A few hours later she bothered me more. I was out of a job, dear-Johnned by my girl, and a prize patsy in one of the neatest and nastiest sucker games since Adam met Eve.
Salaway must have had a background as a lifeguard or perhaps was just fascinated by the Southern California beach lifestyle. Of the handful of crime fiction novels that he wrote, several of them feature a tanned beach lifeguard as its lead character. Here, that lead character is Eddie Baker. As he sits on his lifeguard tower on Playa Del Rey beach, you can hear the driving surftones beat of the Ventures.
As the story opens, Baker first sees “a black, skin-tight, two-piece bathing suit molded over a shape that would make an Egyptian mummy unwind his linen and start panting.” He can’t place her but she seemed like a magazine cover girl or a movie starlet. Then, he watched her paddle out far and start to flail a little bit as she came back. Immediately, Baker knows she’s in trouble and grabs his paddleboard and goes after her, only to reach her out of breath and dive for her when she didn’t surface. Almost out of air, Baker feels her grab around his stomach from behind and appear to squeeze him.
The next thing he knows he is publicly humiliated because he comes to, having been rescued by the bikini-clad Princess, a rescue photographed by a waiting professional photographer. Nola Norton, an aspiring actress, makes the cover of all the newspapers and Baker is the butt of jokes and an inquiry into whether he is prone to blackouts and a man end to his life guarding career as well as getting dumped by his girlfriend.
It is only when his supervisor is murdered weeks later that Baker smells a rat although he can’t figure out how it was worked out.
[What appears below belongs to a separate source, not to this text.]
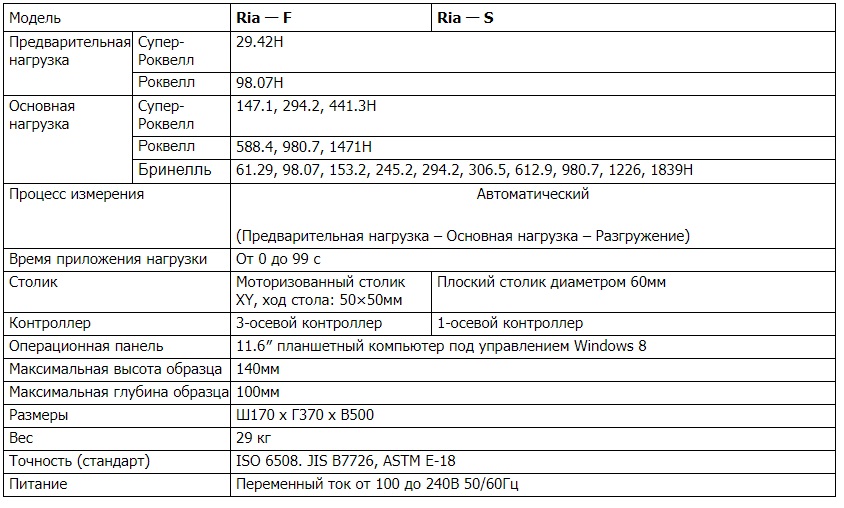 • Регулируемая нагрузка в диапазоне от 147 Н до 1840 Н с шагом в 0,98 Н, регулируемая предварительная нагрузка в диапазоне от 29 Н до 98 Н с шагом в 0,98 Н

He only knows Nola’s publicity stunt took her to a Hollywood contract and left him alone and unemployed and humiliated.
Generally, what you as a reader expect next is Baker to become the amateur sleuth out to clear his name, but Salaway does not have Baker play goody-two-shoes. Instead, he finds evidence of foul play and commences to blackmail Nola and her accomplices. He is a very demanding blackmailer who faces off against a grim femme fatale who will do anything to silence Baker. After all, what’s another murder at this point? Their sparring and intimate scenes seem tailor-made for a Hollywood movie, which perhaps was the ultimate goal of this novel.
Hero just wanted a nice working class life with his girlfriend, making a good living as a year-round lifeguard. But Nola, a gorgeous gal with big movie star dreams, has a scam going that will cost hero his job and his girl.
The result, a darn good pulp which becomes a duel of wits between a pretty smart hero who is bent on revenge and a really smart paperback bad girl. The two murders that happen along the way are pretty incidental. The attraction here is the scheming and counter scheming that will destroy at least one of these characters by story’s end.
Good enough to have me seek out other books by this author.